Research based on the SHoT (Students’ Health and Wellbeing Study) survey from 2018 has highlighted a robust cross-sectional association between financial difficulties and multiple dimensions of student health. Reference Bøe, Hysing, Lønning and Sivertsen14 However, much of the current literature is limited by the use of self-reported mental health outcomes, cross-sectional designs or single-institution samples. Reference McCloud and Bann15 Moreover, the economic downturn following the COVID-19 pandemic, characterised by rising inflation and surging energy costs, Reference Negash, Kartschmit, Mikolajczyk, Watzke, Matos Fialho and Pischke16 may have further influenced this association. At the same time, university students frequently report high levels of stress and psychological distress. Reference Knapstad, Sivertsen, Knudsen, Smith, Aaro and Lonning17 While such distress does not necessarily indicate a mental disorder, it is an important predictor of later mental health symptoms and disorders. Recognising this distinction is important both to avoid over-pathologising distress and to acknowledge its role as a key confounder in the association between financial strain and depression.

Consequently, there is a need for updated large-scale longitudinal studies that utilise diagnostic criteria and account for prior symptom levels to better understand the role of financial strain in student mental health. The present study addresses this gap by examining multiple dimensions of financial strain as predictors of clinically defined depression in a large student population.

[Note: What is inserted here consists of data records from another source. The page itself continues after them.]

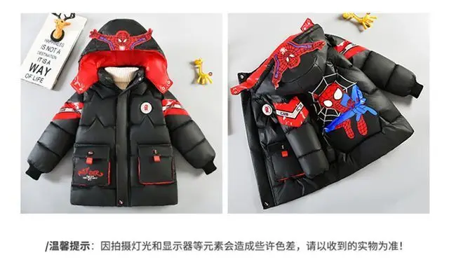 Spiderman Down Jacket 2025 Winter Baby Boy Costume Kids Warm Thicken Cotton-Padded Hooded Coat Parka Children Clothing Outerwear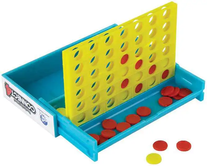 Challenge a friend to rule the grid in the classic game of Connect 4, now available in miniature size.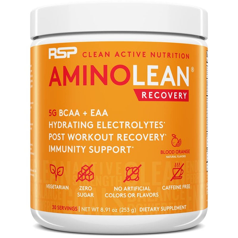 RSP AminoLean Recovery - Post Workout BCAAs Amino Acids Supplement + Electrolytes, BCAAs and EAAs for Hydration Boost, Immunity Support - Muscle Recovery Drink, Vegan Aminos, Blood Orange…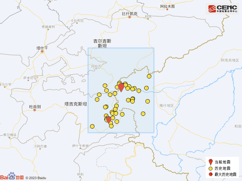 历史地震:根据中国地震台网速报目录,震中周边200公里内近5年来发生3级以上地震共158次,最大地震是2023年2月23日在塔吉克斯坦发生的7.2级地震(距离本次震中181公里),按震级大小前50次历史地震分布如图。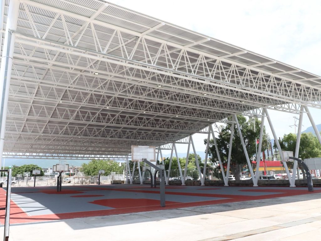 Acompañado por el secretario de Obras Públicas, Pedro Cepeda Anaya, verificó la obra que incluye cimentación a base de pilotes, techumbre con lámina galvanizada, sistema sintético amortiguante anti-impacto, instalación de tableros de baloncesto, casquillos para soporte de postes metálicos de voleibol y luminarias tipo campana con tecnología LED, en las canchas de basquetbol, así como la sustitución del sistema amortiguante de la cancha de voleibol. Esta obra representa una inversión de 21 millones 500 mil 108 pesos.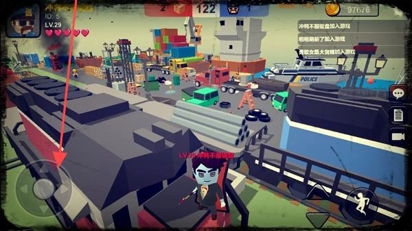1、在躲猫猫大乱斗游戏中,通过屏幕左下角虚拟摇杆控制角色移动,左上角显示角色ID、等级和生命值,上方显示游戏比分等信息。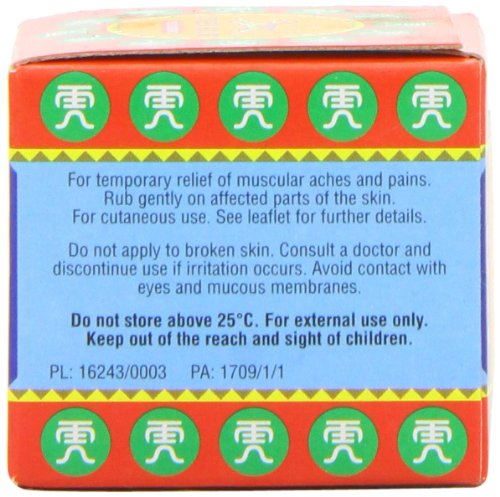 -. Binding : Health and Beauty -. Brand : Tiger Balm -. EAN : 5027659090379 -. Feature : It can be used during warm up before exercise or to ease soreness after working out / Warm relief for muscle pains / Can be used in itching due to insect bites / Quick and effective / Fast acting pain relief properties -. IsAdultProduct : 0 -. Label : TIGER BALM -. Manufacturer : TIGER BALM -. Model : TBM020 -. MPN : TBM020 -. PackageQuantity : 1 -. PartNumber : TBM020 -. ProductGroup : Health and Beauty -. ProductTypeName : HEALTH_PERSONAL_CARE -. Publisher : TIGER BALM -. Size : 19g -. Studio : TIGER BALM -. Title : Tiger Balm Red 19g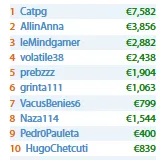 Já Pedro Marques esteve em destaque na partypoker, onde trouxe dois bons prémios. Primeiro, ele venceu o Bounty Hunter $15 Gtd com 172 entradas e $17,888 de prize pool. A medalha de ouro valeu $4,901 de prémio.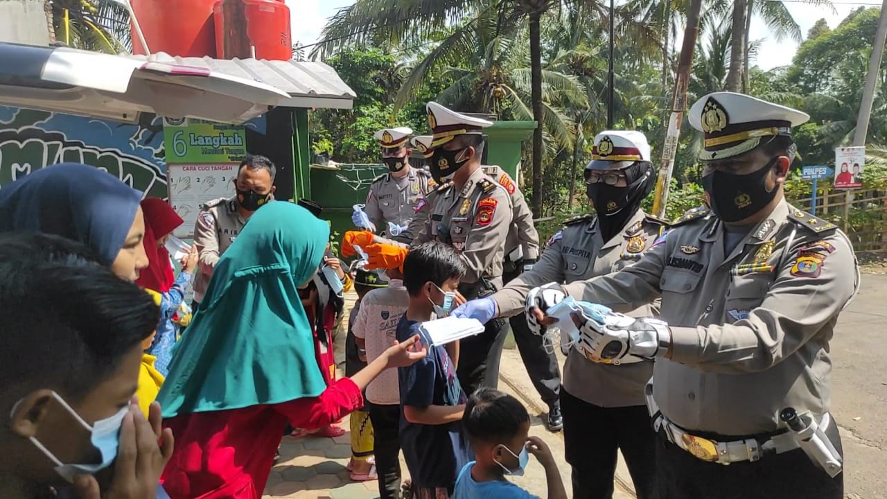 membagikan masker dan memberikan himbauan terkait penerapan protokol kesehatan

To address this gap, the present study uses prospective data from a large, nationally representative cohort of Norwegian higher education students who completed the SHoT2022 survey and were followed up one year later with diagnostic assessments based on the Composite International Diagnostic Interview version 5.0 (CIDI 5.0). Focusing on depression, a leading contributor to global disability among young people, 18 we examined the predictive role of seven financial indicators: (a) general financial difficulties, (b) inability to cover a hypothetical emergency expense, (c) annual income, (d) housing cost burden, (e) housing ownership, (f) lack of savings and (g) absence of family financial support. By stratifying results by sex and applying a three-step adjustment approach, we aimed to clarify the extent to which financial strain independently contributes to later depression when accounting for demographic and psychological confounders.

Method

Study design, participants and setting

This study is based on data from SHoT, a national survey targeting students in higher education in Norway. The SHoT survey has been conducted every four years since 2010, with the most recent wave, SHoT2022, administered between 8 February and 19 April 2022. SHoT2022 collected comprehensive information on mental and somatic health, lifestyle, social relationships and financial stressors. Detailed methodology for SHoT has been described previously. Reference Sivertsen, Råkil, Munkvik and Lønning19

SHoT2022 was distributed digitally via a web-based questionnaire to all full-time students in Norwegian higher education institutions, including those studying abroad. Invitations were sent via email and SMS, supported by coordinated efforts from student welfare organisations and educational institutions. Of the 169 572 students invited, 59 544 participated (response rate 35.1%). All participants provided informed consent. For the present study, we included a subsample of 53 362 students who were aged 18–35 years, enrolled full-time and had complete data on key financial and mental health measures. PhD students were not invited to SHoT2022, and information on undergraduate versus graduate/postgraduate status was not collected.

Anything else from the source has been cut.